▶ _Brief_: Retype the lines below exactly, but only those from the line that has "1787 FUGIO CENT" through the line that has "göre taze sebzeler.". Omit every picture.

▶ _Records_:
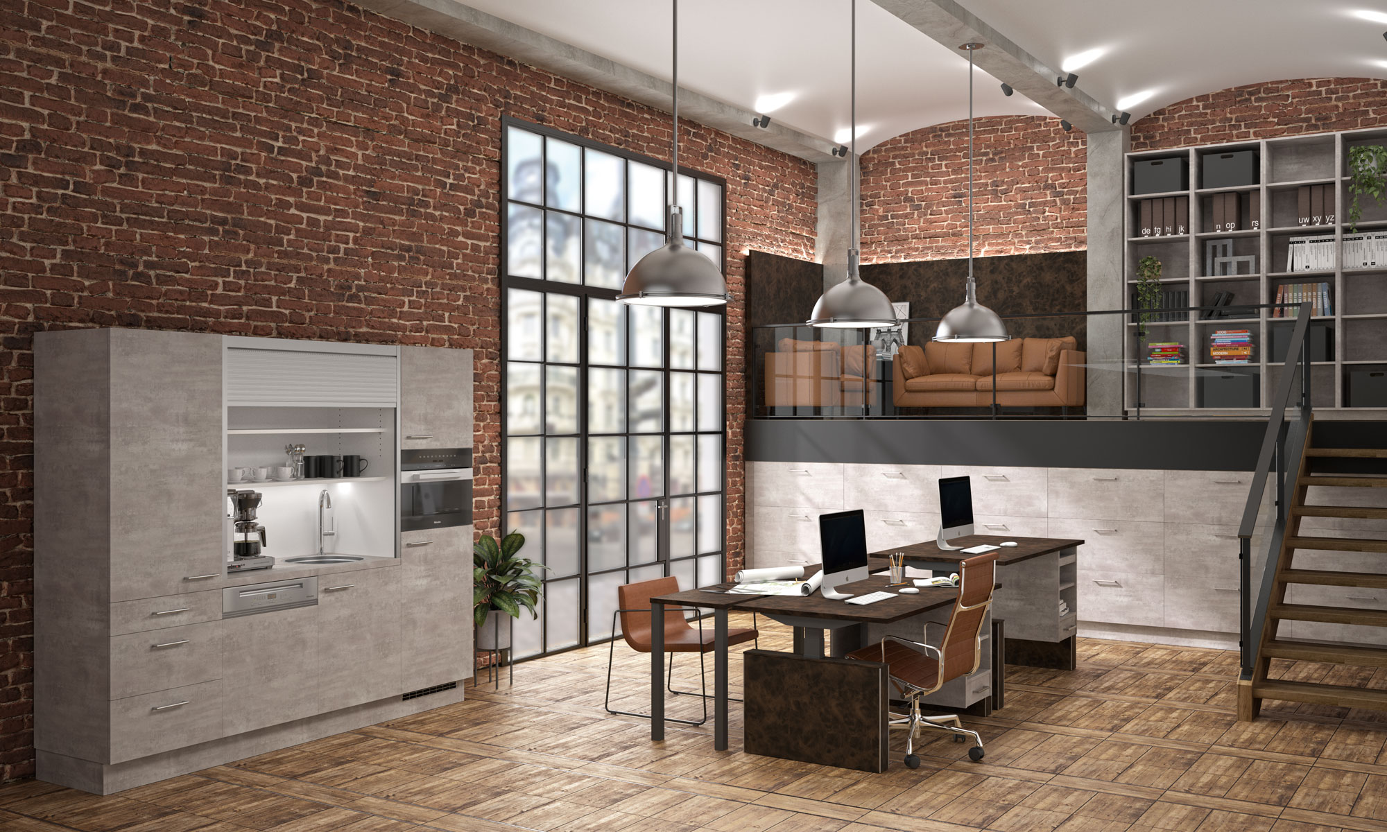 Smarte Büromöbel für jeden Einsatzbereich ermöglichen eine funktionale, freundliche Umgebung, um Kreativität freien Lauf zu lassen. Eingebettet in ein ehemaliges Industriegebäude harmonisiert die moderne Einrichtung dieses Kreativbüros durch die vielen Möglichkeiten, sich zu entfalten. Die Materialien wurden bewusst kontrastreich gewählt, von schlichten Betonoptik-Fronten bis zur Umgebungsgestaltung in Saloon – mit genialer Lederoptik im Möbelbau. Die kompakte Büroküche vereint Spüle, Geschirrspüler, Kühlschrank und Mikrowelle in einer übersichtlichen Einheit, welche sich auch auf kleinstem Raum umsetzen lässt.
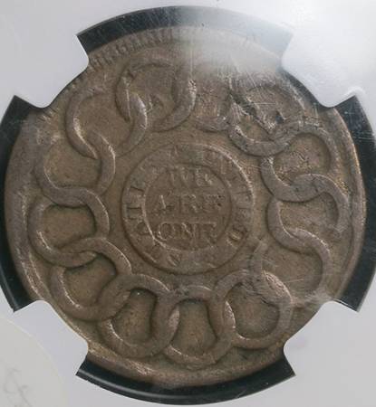 1787 FUGIO CENT United States First Penny NGC Fine 1787 4 CINQ P.R. FUGIO CENT with "STATES UNITED" . NGC graded Fine details. Scuff on reverse. If interested call or text 7two4-746-9190 no emails.
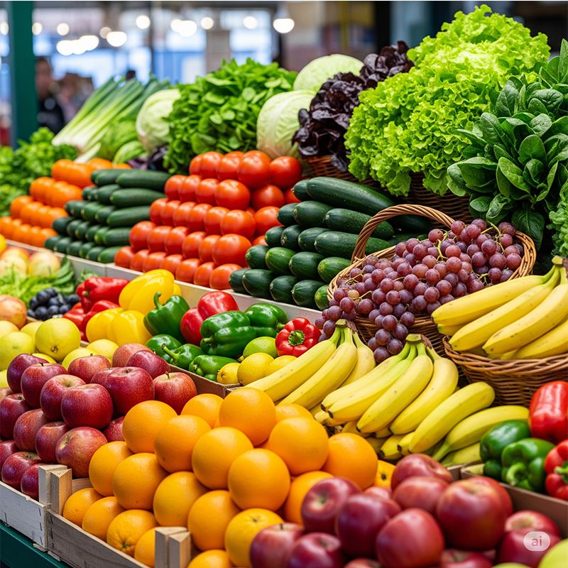 Domates, salatalık, biber, patlıcan, kabak, marul, ıspanak, pırasa gibi mevsime göre taze sebzeler.
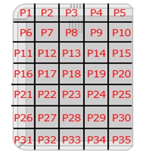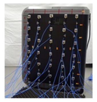 シュレッダーの左側側面を0.1mごとに区切り、加速度センサーを貼り付け、シュレッダー稼働時の振動を測定
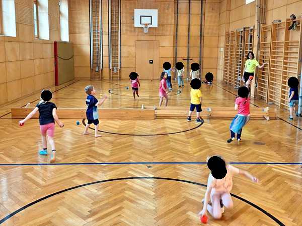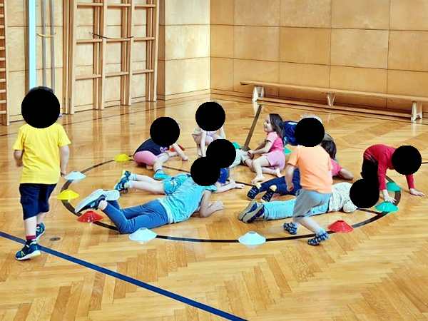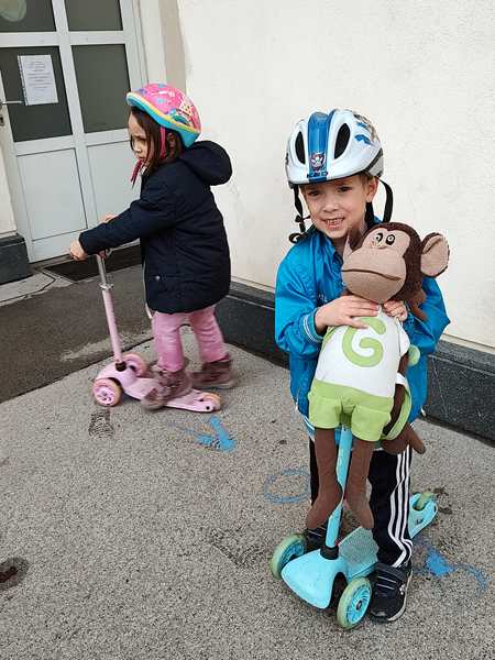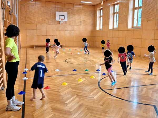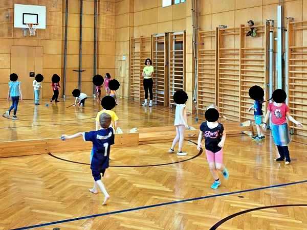 I finished teaching early as we simply didn't have anything to do. That gave me some extra time to get myself and the kids ready. Just after 3 pm the three of us left the house. The three of us walked to the train station and got on the 3:20 pm train, then we rode our scooters to where their weekly exercise class was taking place. It was raining and there were puddles everywhere. Both kids had gotten their pants quite wet, and Emmy's socks were completely wet as well. After they took their long pants off, they also took their socks off and ended up doing their class barefooted for once. They had just as much fun.
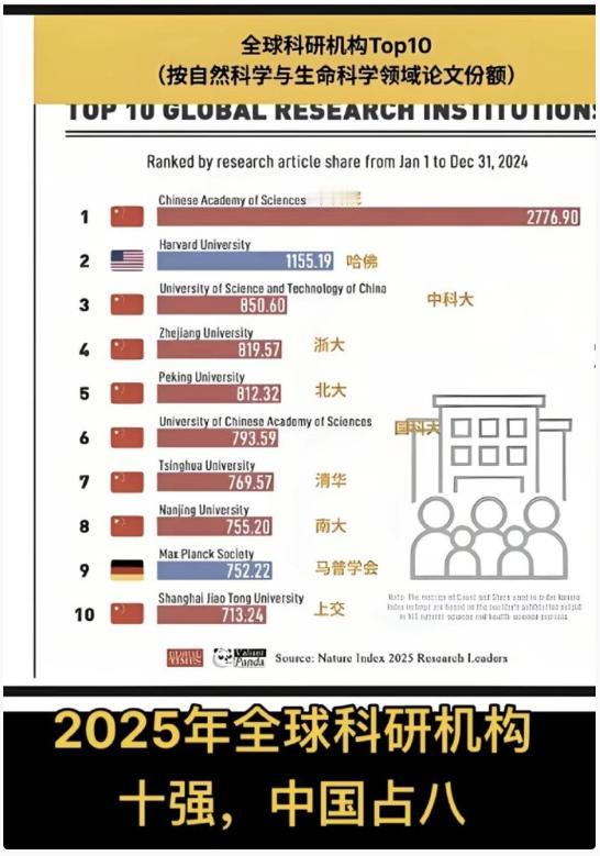根据自然科学与生命科学领域的论文份额,在刚刚发布的全球科研机构10强榜单上,中国的机构独占8席。我记得,一些人口口声声中国的基础科学不行,现实情况好像与他们说的不一样哎。 说白了,一个能把工业制造业做到全球第一的国家,基础科学怎么可能真的落后? 就像盖大楼,没有扎实的地基撑不起摩天大厦,制造业的腾飞背后,必然是基础研究在默默托底,只不过很多人没意识到这种支撑关系有多紧密,也忽略了科学成果从发现到应用往往存在着时间差。 先看看那些实实在在的成果吧。 2025年8月,中国科学技术大学潘建伟团队刚刷新了中性原子量子计算系统的世界纪录,用人工智能技术在60毫秒内构建出2024个原子的无缺陷阵列,单比特门保真度达到99.97%,双比特门保真度99.5%,这可是直接追平了美国哈佛大学的国际最高水平。 要知道量子计算被称为下一代计算革命的核心,这种基础层面的突破可不是靠“拿来主义”能实现的,背后是无数次实验数据的积累和理论模型的迭代。 再说说贵州的FAST天眼,截至2024年11月,它发现的脉冲星数量已经突破1000颗,超过同一时期国际其他望远镜的总和,还捕捉到了纳赫兹引力波信号的初步证据,这些成果让中国在射电天文领域的话语权大幅提升。 脉冲星观测不仅能检验广义相对论,还能为探测引力波提供关键数据,这些都是纯粹的基础科学研究,哪一项拿出来不是世界级的突破? 有人可能会说论文数量不代表质量,但看看具体的引用数据就知道了。 2025年3月科睿唯安的ESI数据显示,南开大学化学学科首次进入全球前万分之一,过去11年发表的11572篇论文累计被引367251次,篇均引用率31.74次,在全球前万分之一机构中排第8位,中国第3位。 更关键的是,2024年南开以第一作者或通讯作者在化学顶尖期刊JACS和ANGEW发表论文225篇,名列全球第3位。顶尖期刊的发表数量和引用率,直接反映了研究成果的国际认可度,这可不是靠数量堆砌能得来的。 再说说工业制造业和基础科学的关系。中国现在是全球唯一拥有完整工业体系的国家,从高铁到5G,从新能源汽车到航天工程,每一个领域的突破都离不开基础研究的支撑。 就像高铁的轴承钢,要在高速运转中保持稳定,就需要材料科学对金属晶体结构的深入研究;5G通信的毫米波技术,依赖于电磁场理论和微波物理的基础探索。 2023年中国GDP已经达到129.4万亿元,虽然2024年的研发投入占比数据还没完全公布,但从2018到2023年的增长趋势来看,这个数字一直在稳步提升。 要知道,美国在二战后崛起时,也是先通过大规模工业生产积累资本,再反哺基础科学研究,中国现在走的正是这条符合规律的道路,只不过速度比当年的美国快得多。 至于所谓的“滞后性”,看看诺贝尔奖就明白了。现在很多获奖成果都是几十年前的研究,比如2023年诺贝尔物理学奖授予的阿秒光物理,其基础理论研究早在20世纪90年代就开始了。 中国真正大规模投入基础科学研究也就是最近十几年的事,现在看到的这些成果,其实是前十年投入的回报,而现在正在进行的研究,可能要到十年后才能真正显现价值。 就像潘建伟团队的量子计算研究,从最初的几原子系统到现在的两千原子阵列,用了整整十五年;FAST天眼从立项到建成用了22年,这些都不是一蹴而就的。 那些说中国基础科学不行的人,要么是抱着老黄历不放,要么是故意忽略事实。 他们没看到中国在科研设施上的投入,比如正在建设的FAST核心阵,要在周边加建24台40米口径望远镜,把分辨率再提升一个数量级;也没看到年轻科研人员的成长,现在中国在国际顶尖期刊发表论文的第一作者平均年龄越来越年轻。 基础科学研究从来不是短跑,而是马拉松,中国现在不仅跑在了第一梯队,而且后劲十足。 当然,我们也没必要妄自尊大,和欧美顶尖水平相比,在某些基础理论领域还有差距,但这种差距正在以肉眼可见的速度缩小。 关键是要明白,评价一个国家的基础科学实力,不能只看过去的成就,更要看现在的投入和未来的潜力。 全球科研机构10强占8席,这只是一个开始,随着时间的推移,当今天这些“正在进行时”的研究转化为“过去完成时”的成果时,人们会更清楚地认识到,中国的基础科学不仅不是不行,而是正在迎来爆发期。 那种“中国基础科学不行”的论调,迟早会像旧时代的残响一样,被越来越多的事实所淹没。
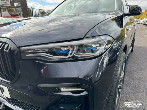 This 2022 BMW X7 M50i V8 is a remarkable example of luxury and performance, boasting a powerful 4.4 litre petrol engine and a sophisticated four wheel drive system. As a Euro 6 compliant vehicle, it offers impressive efficiency alongside its potent capabilities. This seven seater model, finished in a striking black with BMW Individual Full Leather Trim Merino, also features the desirable Comfort Plus Package, which includes independent rear air conditioning and a heated steering wheel for enhanced comfort. The unique Glass Application CraftedClarity adds a touch of refined elegance, while the Travel and Comfort System and the generous boot space ensure practicality for any journey.This vehicle has been given a Category S status - Damage was to the driver side front wing, wheel arch, front driver side corner, passenger side front door, these were all replaced. The vehicle comes with a 6 months warrantyThe MOT expires 08 Feb 2026The vehicle was serviced in July 2025 with two brand new front tyres and both front lower arms invoice in file. Road Tax Information - 6 months - (£107.25) 12 months (£195)Insurance Group 50EExperience exhilarating performance with the X7 M50i V8, capable of accelerating from 0 to 62mph in a swift 4.7 seconds, a testament to its V8 engine. This vehicle also offers a substantial towing weight of 2600 kg, making it a versatile choice for those who need to transport trailers or caravans. The inclusion of a 6 seater configuration within the Comfort Plus Package further enhances its adaptability, providing flexible seating arrangements for passengers. These carefully selected features and impressive performance figures clearly distinguish this BMW X7 from other vehicles in its class. mfort plus package, executive drive suspension, laserlights, towbar - electric, sky lounge panoramic glass sunroof, 6-seater, glass application - craftedclarity, bmw individual high-gloss shadowline with extended contents, 22in alloy wheels - bmw individual light y-spoke style 758, travel and comfort system, digital aftermarket - active cruise control, interior trim - ash grain black with bronze effect - open-pored, headlining - bmw individual alcantara, integral active steering, bmw individual full leather trim merino - black, 1 x usb a 1.5a in cupholder - 1 x usb c 3a in centre armrest and 1 x double usb c 3a in rear end of console for 2nd seat row, 20gb hard disc drive hdd memory, 22in alloy wheels - m light v-spoke style 755 m bicolour cerium grey, acoustic glass, active guard plus, active protection, additional storage compartment, air conditioning - automatic with four zone control, airbags, alarm system - thatcham 1 with remote control and engine immobiliser, ambient lighting, armrests, attentiveness assistant, automatic start-stop button, bmw connected package professional, bmw connecteddrive services, bmw emergency call, bmw head-up display, bmw individual high-gloss shadowline, bmw live cockpit professional, bmw teleservices, brake force display, brake system, brake-pad wear indicator, centre lock switch - driver and front passenger door, child seat isofix attachment - rear outer seats in 2nd row and both seats in 3rd row - includes top tether, cruise control with brake function, closing system with central locking, compartment in front of cupholder, comfort access, comfort cushion, crash sensor and safety battery terminal clamp, cup holders - front x2 and rear x2, dab digital radio, dsc - dynamic stability control - stabilises the vehicle in extreme situations - controls traction, daytime running lights - led, door pockets - front and rear, door sill inlays with illuminated m50i designation - front and rear, double-wishbone front axle, drive performance control - eco pro - comfort - sport and adaptive modes, drive recorder, dynamic brake lights with led technology, eps - electric power steering with servotronic, electric memory seats, electric windows - front and rear, electrical steering column with adjustable height and length, electro-mechanical parking brake with automatic drive-away release and auto-hold function, exhaust tailpipes - single - left and right - cerium grey, expanded exterior mirror package, exterior mirror housing - cerium grey, exterior trim - high-gloss shadowline, favourite buttons, floor mats - velour, folding side mirrors with auto-dimming, follow me home headlight function, footwell lights - front, front comfort seats, front and rear air suspension, galvanic embellisher for controls, gesture control, grab handles, headlights - adaptive led, headlining - anthracite alcantara, headrests - all seats, high-beam assistant, instrument panel in sensatec, interior light - rear centre, interior mirror - frameless, interior trim - fineline black wood with metal effect, kidney grille - cerium grey, led fog lights, led rear lights, led third brake light - spoiler, leather dashboard, light inside glove compartment, lockable glove compartment, locking wheel bolts - thatcham approved, luggage compartment floor panel with integral storage tray, m badge on left and right side panels - cerium grey, m designation on front side panels - left and right, m specific key, m specific pedals, m specific steering wheel, m sport brakes with blue calipers, m sport braking system, m sport differential, m sport exhaust system, m sport exterior styling, m sport leather steering wheel, m50i badge on tailgate - right - cerium grey, make-up mirror lights, mechanical childproof lock - rear doors, microfilter and active carbon filter, multifunctional hooks, obc - on-board computer, oil sensor for level and grade, pdc - park distance control - front and rear, panoramic glass sunroof, parking assistant plus, passive protection for pedestrians, power sockets 12v - 2x centre console - 1x luggage compartment, rain sensor with automatic headlight activation and windscreen wiper control, reading lights - front, roof rails - high-gloss shadowline, run flat tyres, seat back with flap pocket, seat 
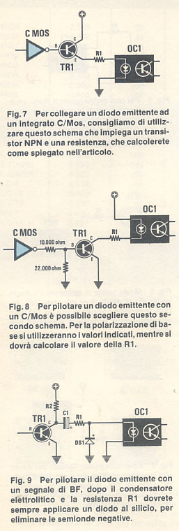 in funzione della tensione di alimentazione applicata sul collettore del transistor (vedi fig. 7), oppure collegare il diodo emittente in serie con il collettore del

▶ _Answer to this task_:
 1787 FUGIO CENT United States First Penny NGC Fine 1787 4 CINQ P.R. FUGIO CENT with "STATES UNITED" . NGC graded Fine details. Scuff on reverse. If interested call or text 7two4-746-9190 no emails.
 Domates, salatalık, biber, patlıcan, kabak, marul, ıspanak, pırasa gibi mevsime göre taze sebzeler.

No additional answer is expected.